Particulate Matters: on Art, Air, and Justice

This talk, drawing from my current book-in-progress, examines a 2016 project carried out by the art-activist collective, The Natural History Museum, in collaboration with the Latinx environmental justice group, T.E.J.A.S., which involved a citizen-based air monitoring campaign and related series of tours of the Manchester neighborhood along the Houston Ship Channel, one of the most noxious petrochemical complexes in the world. I am interested in ways that this and other artworks that take up “atmospheric politics,” to borrow a term from the artist Amy Balkin, highlight interrelationships between the particular—and particulate—material conditions of a given context, and broader systems of differential power. My larger book project focuses on art that tracks, and thereby actively attempts to resist, environmental violence as it’s writ into land, air, and water.
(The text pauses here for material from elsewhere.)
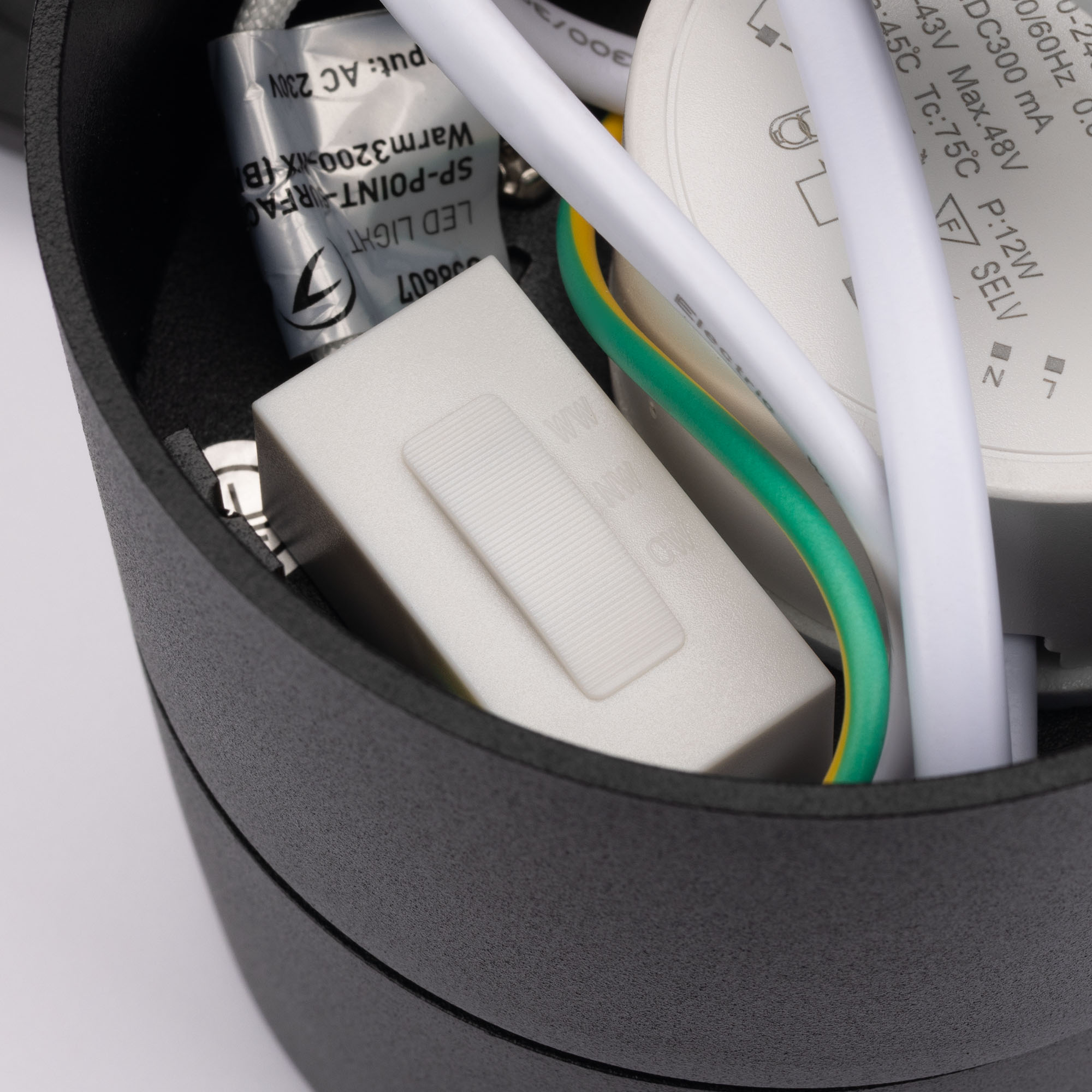 Накладной откидной поворотный светильник POINT-SURFACE мощностью 12 Вт c высоким индексом цветопередачи CRI>90 предназначен для акцентного освещения в жилых, торговых или выставочных помещениях с высокими требованиями к качеству света. Встроенный переключатель цветовой температуры позволяет легко установить необходимый оттенок в помещении, теплый 2700, 3200 или дневной 4000К. Светильник имеет уникальный корпус, который может поворачиваться вокруг своей оси и отклоняться по вертикали, что позволяет отрегулировать освещение на объекте. Корпус выполнен с дополнительной сотовой решеткой, которая снижает показатель дискомфорта (UGR<10). Светильник степенью пылевлагозащиты IP20 предназначен для установки внутри помещений, где нет контакта с водой или другими жидкостями. Узкий угол излучения позволяет создавать направленное освещение, подчеркивая детали интерьера. С помощью встроенного драйвера светильник легко и безопасно подключается напрямую к сети с напряжением питания 230 В. Низкая пульсация обеспечивает комфортное освещение без мерцания.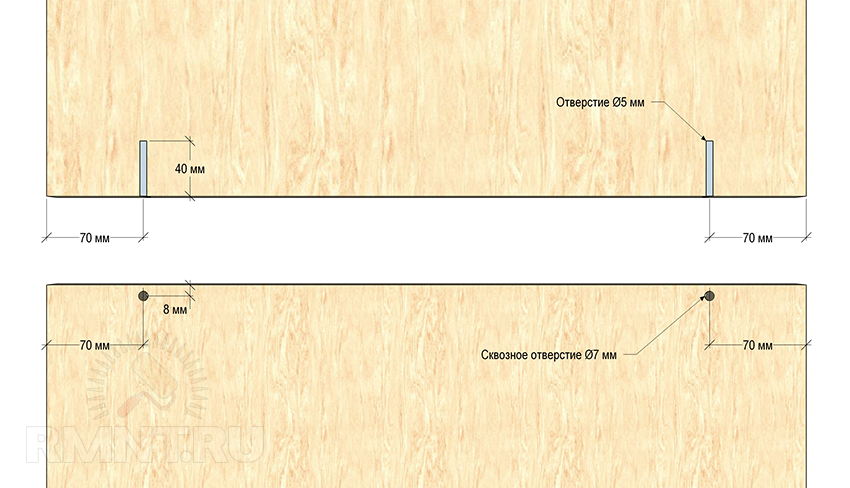 Для закручивания евровинтов в панелях сверлятся монтажные отверстия, с боков деталей сквозные диаметром 7 мм, а в торцах деталей на глубину 40 мм и диаметром 5 мм.

photo of the speakerBiography: Emily Eliza Scott is an interdisciplinary scholar, educator, artist, and former park ranger who holds a joint professorship in Art History & Environmental Studies at the University of Oregon. The author of numerous essays on contemporary art and design practices that engage pressing (political) ecological issues and the coeditor of The Routledge Companion to Contemporary Art, Visual Culture, and Climate Change (2021), Viscosity: Mobilizing Materialities (2019), and Critical Landscapes: Art, Space, Politics (2015), she is currently writing a book on art that tracks environmental violence as it’s writ into land, air, and water. Her work has been supported by major grants/awards from Creative Capital, the College Art Association, Graham Foundation, American Council of Learned Societies, Luce Foundation, Smithsonian American Art Museum, Nevada Museum of Art, Mellon Foundation, and other. She has also been a core participant in two long-term, collaborative art projects: World of Matter (2011-17) and the Los Angeles Urban Rangers (2004-2011).